Старик сделал шаг вперед и воздел руки к небу.
— Молчите, — сказал он голосом, полным страдания, — молчите, беззащитные христиане, час великих испытаний пробил для вас, вспомните ваших отцов, подобно им смиренно склоните головы и покоритесь без малодушия и без страха жестокой каре, по всемогущей воле Господа нашего возлагаемой на вас для искупления грехов.
Полковник презрительно пожал плечами.
— Хорошо проповедует, — сказал он посмеиваясь, — к несчастью, это проповедь в пустыне.
При первых словах старика все головы склонились, всякое волнение затихло, толпа, уже безмолвная, покорилась.
Полковник с досады прикусил губу и накинулся на солдат.
— Доннерветтер! — вскричал он грозно. — Разве мне повторять приказание? Схватить этих девчонок и привязать!
— Погодите, ради Бога! — воскликнул старик, и по лицу его заструились слезы.
В душевной тоске он почти бессознательно ухватился за повод лошади полковника.
— Не трогай, негодяй! — крикнул полковник и ручкой пистолета ударил старца по голове.
Тот грохнулся оземь с раскроенным лбом, но тотчас опять встал на ноги, отирая кровь, которая ручьем лилась из его раны.
— Я совершил вину, — сказал он с раздирающею улыбкой, — вы и наказали меня, это справедливо, но я умоляю вас именем всего, что есть наиболее святого в мире, именем того же Бога, которому поклоняетесь и вы, пусть одна моя кровь прольется сегодня!

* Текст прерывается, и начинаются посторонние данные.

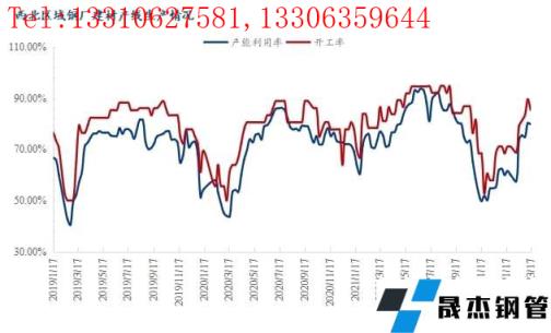 本周西北區(qū)域15家建筑厚壁無縫鋼管生產(chǎn)廠家48條產(chǎn)線實(shí)際開工41條,軋線開工率為85.4%,周環(huán)比下降4%;建材產(chǎn)線實(shí)際產(chǎn)量約66萬噸,周環(huán)比減少約0.5萬噸,產(chǎn)能利用率為79.8%,周環(huán)比下降0.3%,減量部分主要在陜西LG無縫厚壁鋼管廠家高爐停產(chǎn)兩條軋線同步檢修。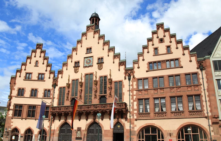 旧城市政厅(das Rathaus,也叫做罗马人"der Römer"), 位于罗马贝格广场西北角上,由三座重建的15世纪的人字形建筑构成。

Разве мы виновны, разве мы должны отвечать за эту страшную войну? Мы, население безобидное и ничего не знающее о делах света? У вас есть же сестры, матери, жены, которые любят вас и на родине вашей оплакивают ваше отсутствие; во имя этих дорогих существ, будьте милосердны, будьте людьми. Самые свирепые дикие звери и те любят своих детенышей, защищают их, дают убить себя за них, не будьте же безжалостнее диких зверей, вспомните ваших матерей, ваших сестер и пощадите стыдливость и невинность бедных детей, которые не сделали вам ничего, не тираньте женщин, будьте милосердны к слабым, дабы Господь, когда станет судить вас, также оказал вам милосердие…
— Кончил ты свою проповедь? — перебил полковник со злою усмешкой. — Предупреждаю, терпение мое истощается.

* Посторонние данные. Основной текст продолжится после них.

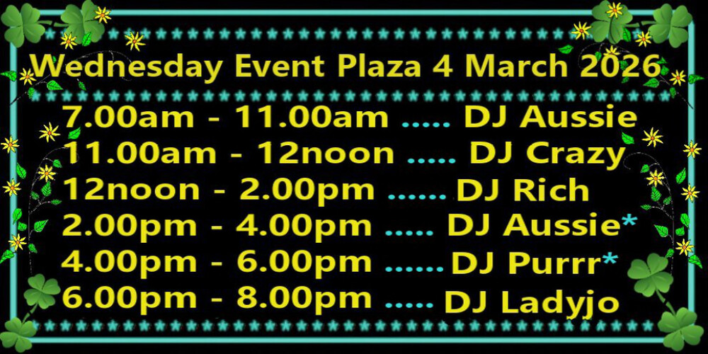 Wednesday Event Plaza Osgridin 2 days | 2026-03-04 20:00 SLT | Event Plaza | Added by OSgrid.org✦0 comments |

— Еще слово, одно слово, умоляю вас!
— Говори, но смотри, коротко.
— Если ничем удовлетворить вас нельзя, если вы жалости не знаете, если сердце у вас каменное, — продолжал старик еще с большею убедительностью, — если вам непременно нужна кровь, чтоб насытить вашу ярость против всех, кто носит название французов, здесь есть мужчины, и немало их; возьмите нас всех, велите сечь, расстрелять даже, если так угодно, мы умрем с радостью, чтоб спасти тех, кого любим; но ради самого неба, сжальтесь над женщинами, над нашими детьми, не выставляйте обнаженных дочерей наших насмешкам ваших солдат, оскорблениям и поруганию; мы готовы на казнь, берите нас!

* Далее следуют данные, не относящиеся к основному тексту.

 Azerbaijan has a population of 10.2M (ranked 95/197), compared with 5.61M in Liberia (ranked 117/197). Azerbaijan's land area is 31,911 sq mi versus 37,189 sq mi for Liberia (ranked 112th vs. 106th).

— Да, берите нас! — вскричали мужчины в один голос. — Мы готовы!
Полковник засмеялся.
— Скоты эти воображают о себе Бог весть что, — вскричал он, — не понимая того, что жизнь их в моих руках, что вздумается мне, и они все будут расстреляны по одному моему знаку. Ну, молчать, — крикнул он, — а вы — слушать команды!
У крестьян вырвался крик ужаса.
Старик с мольбою сложил руки, и они замолкли; не слышно было другого звука, кроме подавленных вздохов и рыданий женщин.
Три молодые девушки грубо были вырваны из объятий убитых горем матерей.
Несмотря на их слабое сопротивление — увы! скорее безотчетное, чем сознательное, последний протест стыдливости, низко поруганной, — с них сорвали одежду и, обнажив до пояса, привязали к деревьям.
Зрелище было ужасное. Три бедные девочки, бледные, с чертами, искаженными от стыда и горя, почти в обмороке, обезумев от ужаса и оскорбленной стыдливости, заливались слезами, а возле них стояли, холодные, бесстрастные и суровые, три унтер-офицера, вооруженные каждый длинным, гибким прутом, ожидая, со взором, устремленным на начальника, команды приступить к казни, а пред ними все население деревни, старики, женщины и дети, в безграничном отчаянии ломали руки, возводили очи к небу и плакали навзрыд почти под дулом направленных на них ружей.
Над всею этою картиной, которая казалась тяжелым сновидением и едва ли когда-нибудь могла быть создана фантазией Кало или Брейгеля, господствовала группа офицеров.
Цивилизация как будто ушла на три века назад, и вернулась эпоха полного варварства.
— Однако пора покончить с этим, — продолжал полковник, — время уходит, нам следовало бы уже быть далеко: мы поступили очень неосторожно, углубившись в горы на такое расстояние без подкрепления.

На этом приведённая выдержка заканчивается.